**Information supplied**
BEGIN
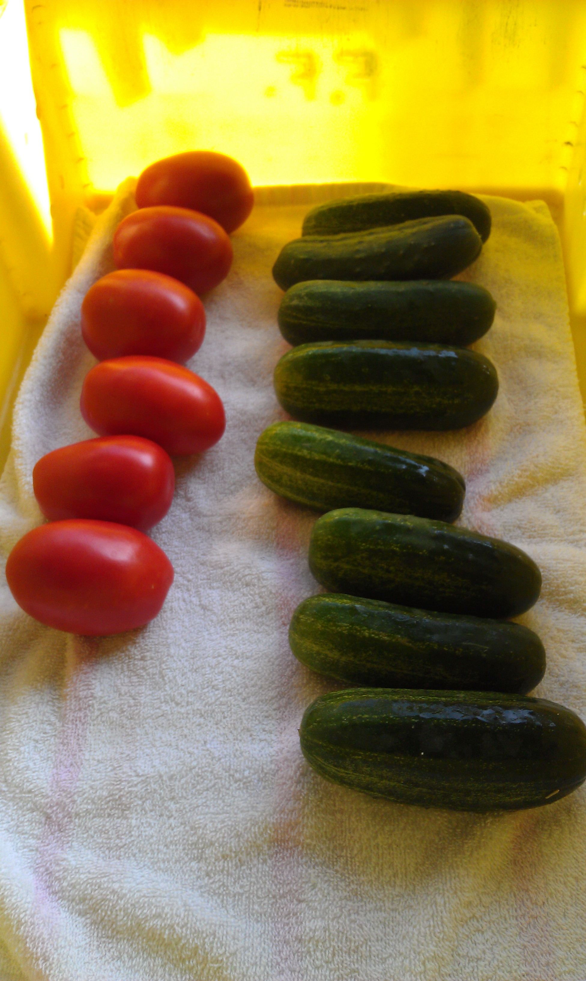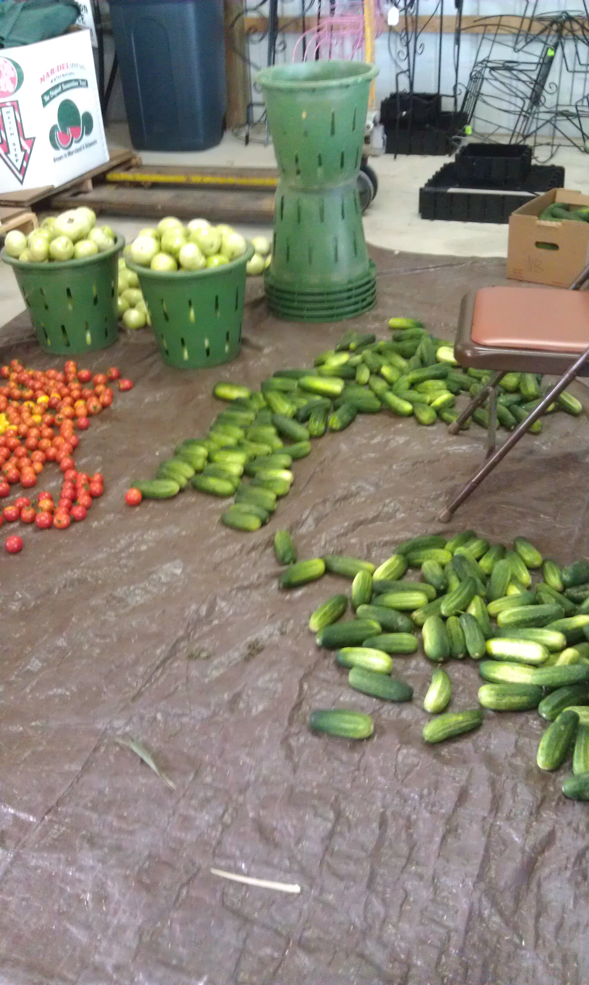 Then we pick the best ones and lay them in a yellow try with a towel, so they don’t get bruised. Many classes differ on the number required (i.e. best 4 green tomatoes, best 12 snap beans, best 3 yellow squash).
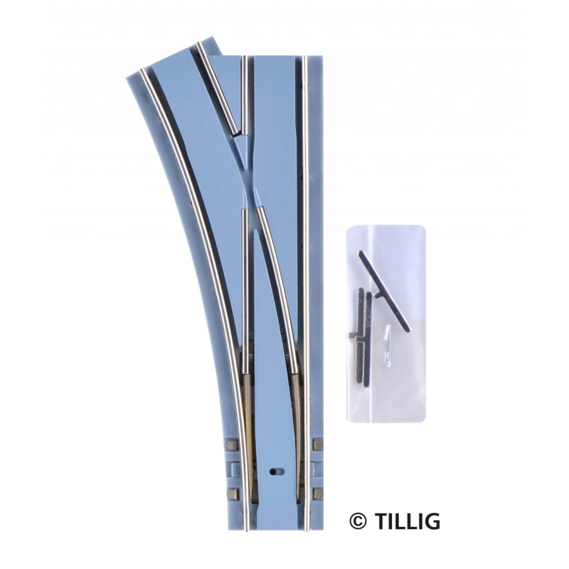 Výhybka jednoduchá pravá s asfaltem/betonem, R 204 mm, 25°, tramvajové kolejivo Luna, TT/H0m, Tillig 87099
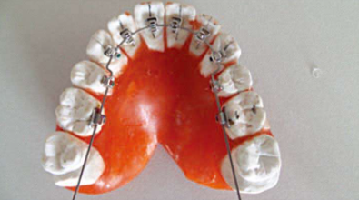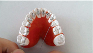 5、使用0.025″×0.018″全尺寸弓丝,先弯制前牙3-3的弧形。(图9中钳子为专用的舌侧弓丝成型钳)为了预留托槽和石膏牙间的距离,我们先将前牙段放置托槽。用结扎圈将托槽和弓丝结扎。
END
**Exercise objective**
Starting with the line that holds "Výhybka jednoduchá pravá", print each line through the last one of the data exactly as written, but do not include the pictures.

**Answer area**
 Výhybka jednoduchá pravá s asfaltem/betonem, R 204 mm, 25°, tramvajové kolejivo Luna, TT/H0m, Tillig 87099
 5、使用0.025″×0.018″全尺寸弓丝,先弯制前牙3-3的弧形。(图9中钳子为专用的舌侧弓丝成型钳)为了预留托槽和石膏牙间的距离,我们先将前牙段放置托槽。用结扎圈将托槽和弓丝结扎。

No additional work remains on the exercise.